A black Diversity, Equity and Inclusion (DEI) director who was fired by her California community college filed a lawsuit last week accusing the school of “illegally targeting White people.”
Tabia Lee, a tenured faculty member, was fired in March by De Anza College, a public community college in the San Jose area, after she said she questioned antiracist “orthodoxy” in her position as DEI director.
“I was told that [I] was supposed to only advance what at that time I was calling a third-wave antiracism ideology,” Lee said in March.
On July 10, Lee filed a lawsuit against the college, alleging a hostile DEI department “illegally targeting White people on the basis of race.”
The complaint says Lee, who is black, was accused of “whitesplaining” and not being the “right kind of Black person.”

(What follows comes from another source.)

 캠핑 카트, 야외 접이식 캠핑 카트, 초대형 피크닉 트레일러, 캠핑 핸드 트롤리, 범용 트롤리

“She happens to be Black, but first and foremost, Dr. Lee is a teacher dedicated to humanism and civil rights,” the complaint reads. “She teaches that people should not be judged by the color of their skin but by the content of their character. De Anza is hostile to this concept.”

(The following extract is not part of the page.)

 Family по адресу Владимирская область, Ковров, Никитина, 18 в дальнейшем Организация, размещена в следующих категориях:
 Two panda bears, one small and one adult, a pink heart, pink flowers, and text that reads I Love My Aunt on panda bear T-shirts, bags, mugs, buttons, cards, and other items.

The community college district reportedly informed Lee in a letter that the official reasons for her firing was a “persistent inability to demonstrate cooperation in working with colleagues and staff,” her “unwillingness to accept constructive criticism” and “no expectation on the part of the Tenure Review Committee … that improvements in these two critical areas can ever be achieved.”
“These are people who should definitely know better,” Lee told Newsweek. “And the way that they behaved was what they claim other people do to marginalized people. They literally marginalized me as an individual, and they shunned me and they worked really hard to push me out.”
Lee previously said her termination came after she questioned and objected to some of the DEI department’s initiatives, Inside Higher Ed reported.
She objected to the college’s land acknowledgments for a Native American tribe, she tried to spearhead a “Jewish inclusion” event on campus, she refused to join a “socialist network,” she declined to use the gender-neutral term “Latinx,” and she asked why “Black” was capitalized but not “white.”
Lee said she was called a “b****” and dictatorial” for suggesting a pause on the college’s land acknowledgements, when what she actually wanted to do was add changes that the Native American tribes themselves suggested.
Lee also said the same person who invited her to join the “socialist network” accused her of disrespecting a Black Lives Matter founder.
At one point, a college employee even accused her of supporting white supremacy, Lee said.
She also said, “I no longer participate in gender pronouns because I find that the same toxic ideologies around race ideologies are now being advanced under gender ideologies.”
Lee currently wants her old faculty position back along with restitution for financial damages.
The community college district said in a statement that it “has an obligation to protect privacy in personnel matters.”
“Without commenting on any specific matter, we can share that faculty members have comprehensive due process and appeal rights both under the law and negotiated through their bargaining unit,” Foothill-De Anza Community College District said.